Resources, neo-colonialism and the NHS

by Alan Hutchison · Published on his Matches in the dark website on 27th September 2018 · Updated 20th November 2020

Stamp Jamaica 1955
Abolition of Slavery, Jamaica 1955. Abolition of slavery proclaimed from the steps of Old King’s House, Spanish Town by Governor Sir Lionel Smith, 1 August 1838 (from a contemporary lithograph). The Slavery Abolition Act of 1833 was implemented across the British Empire on 1 August 1834. However, in Jamaica and other British colonies in the West Indies emancipation did not come for another four years. Former slaves continued to be indentured to their former owners until 1838 as part of what was euphimistically called the Apprenticeship Scheme.

The continuing debate about the NHS — whether it’s about seven-day working or just keeping the service going through the next winter — is almost always about money. With an understanding of Modern Monetary Theory, we now know that the government always has as much money as it needs. So we need to re-frame the issue in terms of resources.

If the government increased NHS spending to the level needed to sort out the winter problems and provide a seven-day service, would there be enough of the necessary additional resources available for the government to buy? There probably isn’t a shortage of medicines or equipment, but there certainly aren’t enough qualified people — clinicians and support staff — available to be bought with the extra money. Most people think, and the politicians promise, that the extra money will cause the missing resources — in this case, people — to pop into existence. The trouble is that most doctors are already working as doctors.

Now that we’ve moved beyond the money bit, we are forced to think about where we are going to get the missing people from. Notwithstanding the claims frequently made by politicians, getting the people locally is going to take time, and for doctors and nurses it’s a 30-year project. That’s because we have to start persuading today’s children that being a clinician — a nurse or a doctor — is a worthwhile and rewarding career (how did Jeremy Hunt do with that when he was in office?) and when they grow up we need to train them.

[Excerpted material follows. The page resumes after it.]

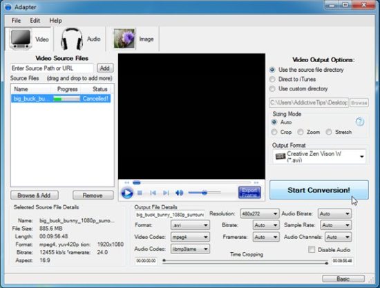 Adapter comes with an easy to use interface for a computer novice but it has also got the power an advanced user wants to see in a video conversion software. If you want to convert your image, audio or video with a specific setting, frame rate or resolution, there are advanced options. Adapter works with these formats: 3g2, 3gp, 4xm, RoQ, ac3, alaw, asf, asf_stream, au, audio_dice, avi, crc, daud, dc1394, s, dv, dv1394, dvd, ea, ffm, film_cpk, flic, flv, gif, h261, h263, h264, idcin, image, image2, image2pipe, imagepipe, ipmovie, m4v, matroska, mjpeg, mmf, mov, mov, mp4, m4a, 3gp, 3g2, mp2, mp3, mp4, mpeg, mpeg1video, mpeg2video, mpegts, mpegvideo, mpjpeg, mulaw, nsv, null, nut, ogg, psp, psxstr, rawvideo, redir, rm, rtp, rtsp, s16be, s16le, s8, sdp, shn, sol, svcd, swf, u16be, u16le, u8, vcd, video4linux, vmd, vob, wav, wc3movie, wsaud, wsvqa, yuv4mpegpipe. This free video converter comes with a preview window where you can see the progress of videos that is being converted in real-time. With it’s built in video playback feature, you can see what your video files will look like after and before converting.
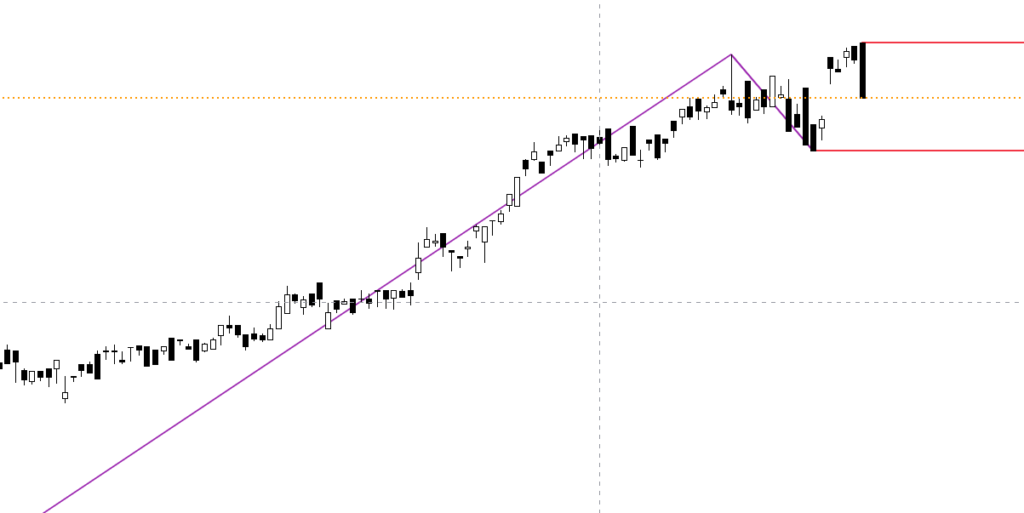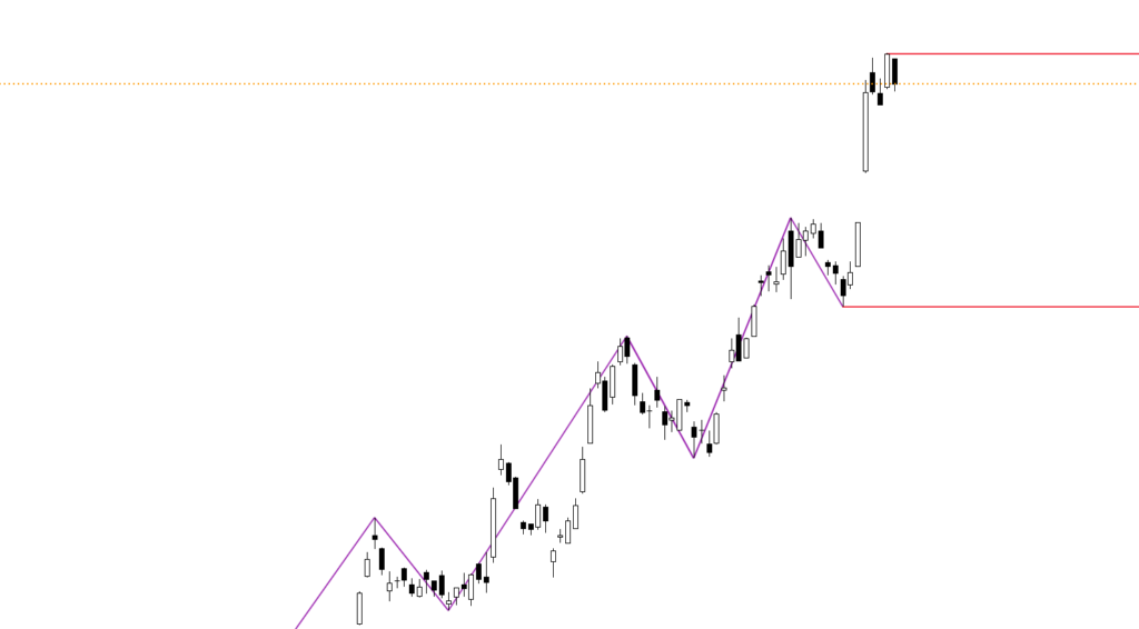 日足チャートに「ZigZag」というインジケーターを追加しています。安値と高値に赤線を引いています。

Well, as we have always done, we will just have to ship the people from abroad, won’t we? We’ve got all the money we need with which to buy them, haven’t we?

That could certainly work reasonably well for us. However, now that we have started thinking about resources rather than money, we need to consider the resource effects in the nation from which we take the trained workers.

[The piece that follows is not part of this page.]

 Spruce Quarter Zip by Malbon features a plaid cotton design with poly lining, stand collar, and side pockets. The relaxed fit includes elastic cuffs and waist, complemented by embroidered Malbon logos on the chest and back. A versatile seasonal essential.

There are some 4,000 clinicians from Zimbabwe working in the NHS.[1] That’s OK, isn’t it? After all, Zimbabwe has one of the best healthcare systems in the world. They clearly have too many unused resources — thousands of fully trained medical staff — and don’t know what to do with them. We’re probably doing Zimbabwe a favour — if we didn’t take them all those jobless doctors would be begging on the streets of Harare.

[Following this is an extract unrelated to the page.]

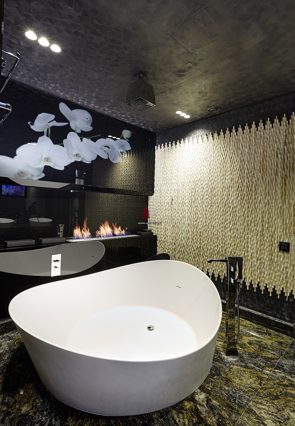 Стены ванной комнаты облицованы черным стеклом и травертином. Панно с изображением белых орхидей выполнено в технике многослойной печати на стекле.

Notice how changing the focus to resources, even when it’s done sarcastically, has clarified the issue. If we had talked about money we would have just ended up with competing opinions:

We shouldn’t be relying on the Zimbabwe government to pay for training our doctors and nurses.

And:

Ah, but think of the money those people are making over here — considerably more than they could earn in Zimbabwe. And they will probably send a lot of that money back home. So, on balance, Zimbabwe is probably better off.

Even if that last statement were true (it isn’t), any money that goes to Zimbabwe won’t be translated into more clinicians — the resources we commandeer won’t be replaced at the other end.

We also need to be aware of the disparities in health care between here and Zimbabwe. In 2015 the maternal mortality rate in Zimbabwe was 443 per 100,000 live births (up from 401 the previous year).[2] In the UK in 2015 the rate was 9 per 100,000 and falling.[3]

I can’t prove it, but I would argue that UK government policy creates a shortage of midwives in rural Zimbabwe and leads directly to the death of poverty-stricken mothers and their babies. I note that the UK government made no mention of this when it condemned the recent attempt by the WHO to honour Mugabe.[4]

And the idea that foreign workers will send money back home shows a lack of empathy that is bordering on racism. Nursing, for example, is not a highly paid profession and nurses working in, say, London won’t be able to save much from their income.[5] In fact, they probably won’t have any disposable income and many will have to tolerate living in shared accommodation because they certainly won’t be able to buy or rent a home of their own.[6] And yet we expect foreign nurses to be able to save so that they can send money home. Is it because they are simple folk and have no desire to avail themselves of all the expensive distractions in the capital?

Of course, there is a morally acceptable mechanism by which Zimbabwean clinicians could work in the NHS: one in, one out. For every doctor that comes here from Zimbabwe for three years, we send a British doctor there for three years. It’s a fair and reciprocal system that would benefit both countries.

What started off as a debate about NHS funding has morphed into one about resource extraction and that’s a process which has been going on for hundreds of years. The fine Georgian buildings here in Lancaster owe their existence to a related form of resource extraction — it also involved taking people from Africa — and it’s only recently that we have come to accept the damage it did.

The rich in the eighteenth century seemed not to notice the effects of appropriating humans for their own benefit, just like the rich today don’t when they claim that their preference for private healthcare is saving the NHS money. It’s just queue jumping and resource extraction — because a clinician working in a private hospital is one who isn’t working in an NHS hospital.

It’s not just the rich who need to reassess their attitudes. One of the arguments for continued membership of the European Union, or at least continued freedom of movement, is that the NHS ‘needs’ fully trained clinicians from the rest of Europe. Does that mean the health service in Romania, one of the poorest countries in the EU, doesn’t need the 3,775 Romanians currently employed in the NHS?[7]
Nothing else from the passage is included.